赤ちゃん……うん、そういえば漫画とかテレビとかでも赤ちゃんはみんなオムツしてた!……ような気がする!
赤ちゃんは自分では何も出来ない、ということはわかっていたが、今まで赤ちゃんや小さい子どもと接する機会がほとんどなかった雪夜には、赤ちゃんは何が出来なくて何をどう手伝えばいいのかがわからない。
「えっと……おトイレは……ど、どうしましょう!?あの、あの、夏樹さん、なお姉がオムツ持って来てくれるまでおトイレ我慢してもらえますか!?」
雪夜は、雪夜の叫び声に驚いたのかびっくりした顔で固まっている夏樹の前に正座をすると、両手を合わせてお願いしてみた。
「あ……あぶぅ~?」
夏樹がちょっと困った顔で小首を傾げる。
「ぶふっ!」
それを見た斎が「もうダメだぁ~」と堪えきれずに吹き出した。
「あはははっ!雪ちゃん、すげぇ無茶振り!……っははは、ヤバい、ツボッた!」
一体どの部分がツボったのかよくわからないが、斎はベッドに転がると腹を抱えて笑った。

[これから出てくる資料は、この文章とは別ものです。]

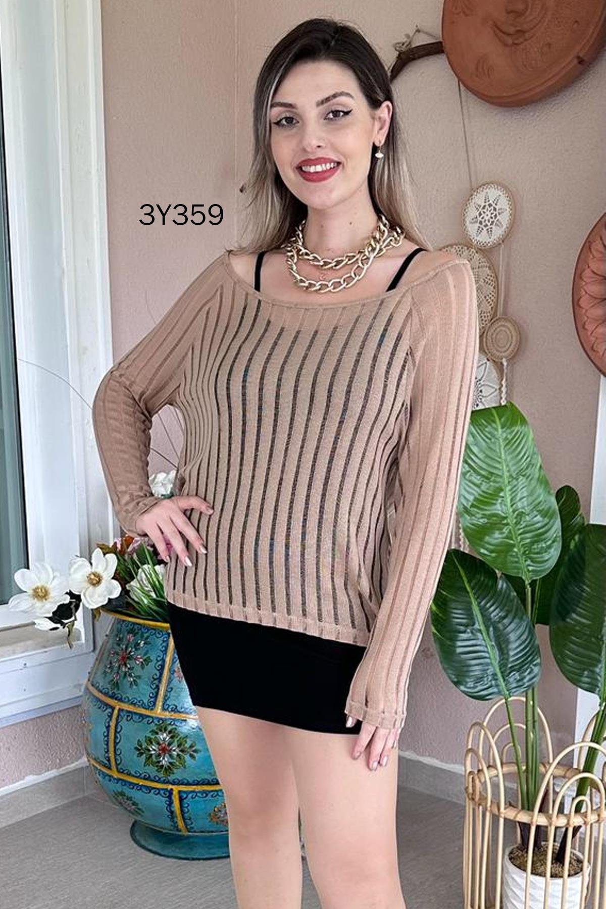 KAYIK YAKA TRİKO BLUZ OMUZDAN AŞAĞI 60 CM

その斎の顔を夏樹がここぞとばかりに容赦なくベシベシと叩く。
「あだぁ~!でっ!きゃぁ~い!」
「あいてて……こらちびナツ!目を狙うな!……ぶふっ!……あははっ」
「あわわ、な、夏樹さん、あの、目は危ないので、あの、えっと、叩くのは他の場所にした方が……い、斎さん大丈夫ですか!?」
「あ~大丈夫大丈夫」
嬉々として斎を叩きまくっている夏樹をどうすればいいのかわからず、雪夜がオロオロしていると、斎が自分で夏樹を引き剥がして起き上がった。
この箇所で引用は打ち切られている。